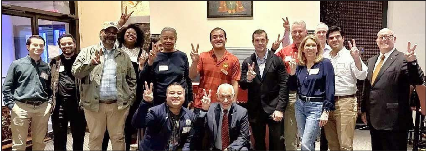
USC NROTC Alumni League and USC Alumni Veterans Network members
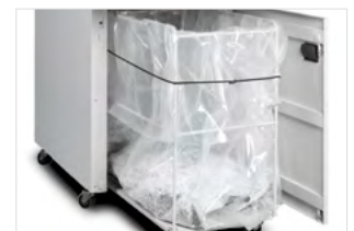
ADJUSTABLE REMOVABLE TROLLEY

It eliminates the need to manually lubricate the unit, ensuring maximum reliability, efficiency and capacity.
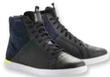
155 BLACK YELLOW FLUO

===

Copy only the lines running from the one that holds "It eliminates the" through the last line of the data, and include both of those lines. Do not copy any pictures.

▸ WORKED SOLUTION
It eliminates the need to manually lubricate the unit, ensuring maximum reliability, efficiency and capacity.
155 BLACK YELLOW FLUO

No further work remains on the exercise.